Key Dataset Comparison Summary
| データセット |
発表年 |
データソース |
特徴 |
ライセンス |
| AFEW |
2012 |
映画 |
"In the Wild"の先駆け |
非営利のみ |
| CAER |
2019 |
テレビ番組 |
大規模、商用利用可 |
公開 |
| DFEW |
2020 |
映画 |
多様な撮影条件(照明、背景など) |
非営利のみ |
| FERV39K |
2022 |
様々 |
シーン(場面)の概念を導入 |
非営利のみ |
| MAFW |
2022 |
様々 |
音声、複合感情、テキスト記述付き |
非営利のみ |
Summary
Datasets for facial expression recognition are not merely filmed in "natural environments," but also consider
- in what kind of scene (FERV39K)
- whether multiple emotions are mixed (MAFW)
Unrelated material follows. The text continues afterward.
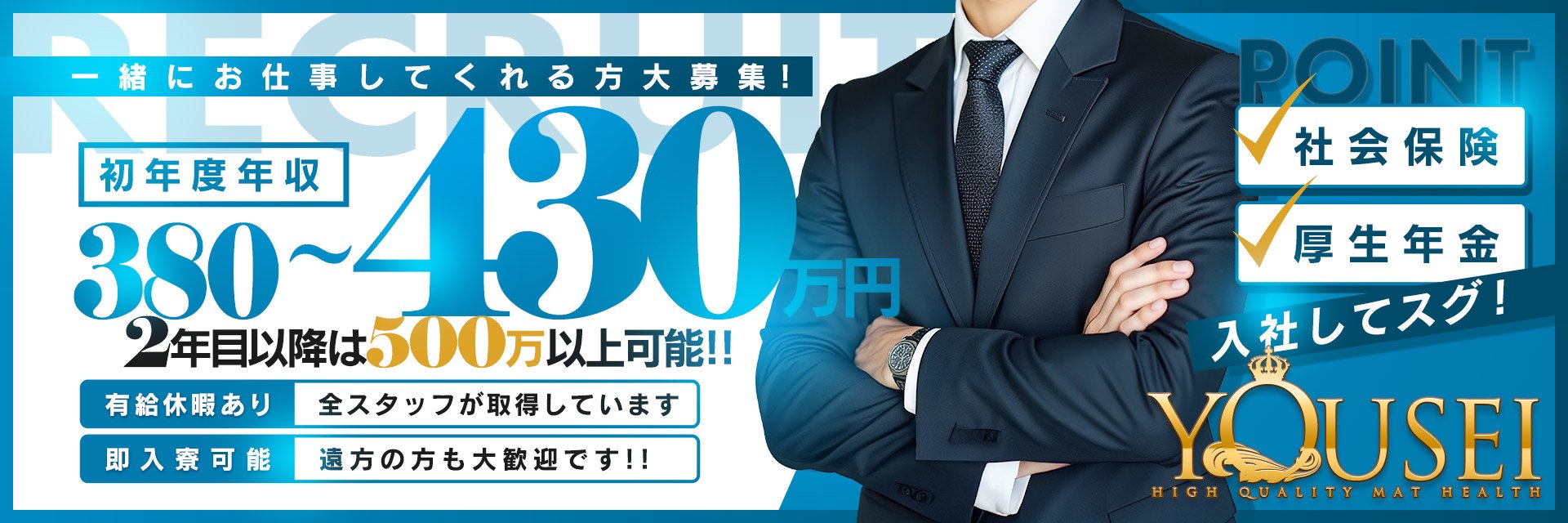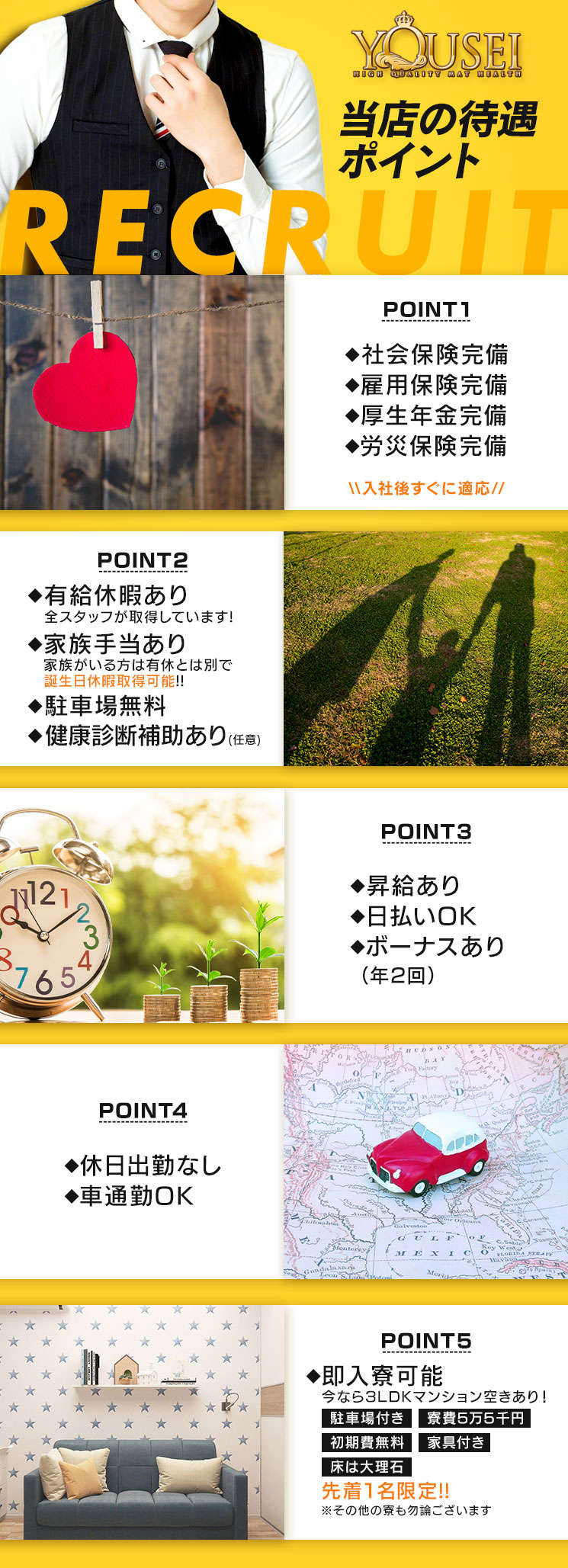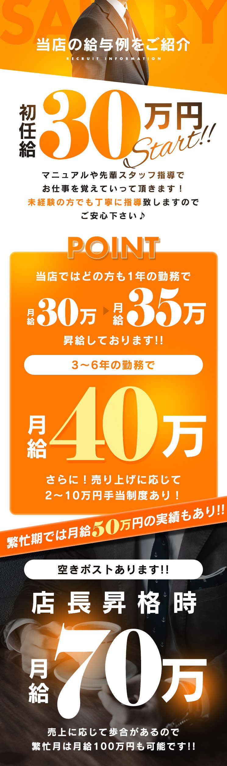 社会保険・雇用保険・有給休暇など他の風俗店にない待遇がしっかりとしているのでありがたいです。給料も9時間労働の週1日休みで現在1年目ですが37万円まで上がりました。これからがもっと楽しみです

- how it relates to other information, such as voice and behavior (MAFW)
and other morea shift towards context-aware approacheshas been observed.
Furthermore, most cutting-edge datasets are currently restricted to research purposes, posing significant challenges for business implementation.
Moving forward, we anticipate the emergence of datasets that overcome licensing issues, cover a wider range of ethnicities, cultures, and age groups, and are capable of capturing more complex emotions.
I'm excited to see the technological advancements these datasets will enable.
Note: While this blog post was written after consulting research papers to ensure accuracy, please refer to the original papers for precise information.